About this exercise →
Within the records below, reproduce without change the lines from the line that has "Hyundai 3D Monitor W240S" through the line that has "Hyundai W220S/W240S can", and only those.
___ Stored data
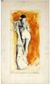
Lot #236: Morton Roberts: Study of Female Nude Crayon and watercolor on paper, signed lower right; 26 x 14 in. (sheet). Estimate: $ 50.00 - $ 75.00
______
___ Stored data
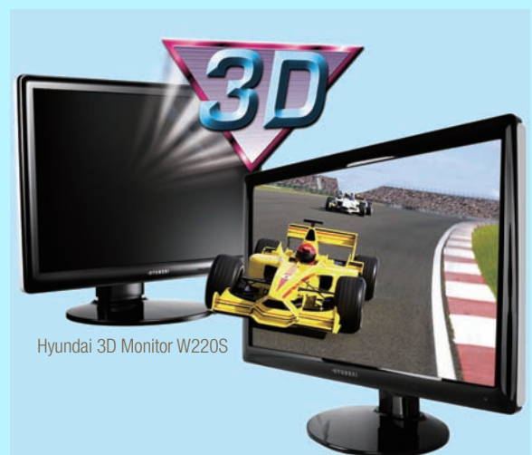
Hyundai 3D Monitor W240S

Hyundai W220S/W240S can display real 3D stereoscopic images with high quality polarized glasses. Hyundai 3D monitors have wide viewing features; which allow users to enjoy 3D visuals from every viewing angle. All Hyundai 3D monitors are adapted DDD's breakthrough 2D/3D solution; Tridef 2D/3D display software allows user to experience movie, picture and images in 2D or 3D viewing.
______
Finished exercise →
Hyundai 3D Monitor W240S

Hyundai W220S/W240S can display real 3D stereoscopic images with high quality polarized glasses. Hyundai 3D monitors have wide viewing features; which allow users to enjoy 3D visuals from every viewing angle. All Hyundai 3D monitors are adapted DDD's breakthrough 2D/3D solution; Tridef 2D/3D display software allows user to experience movie, picture and images in 2D or 3D viewing.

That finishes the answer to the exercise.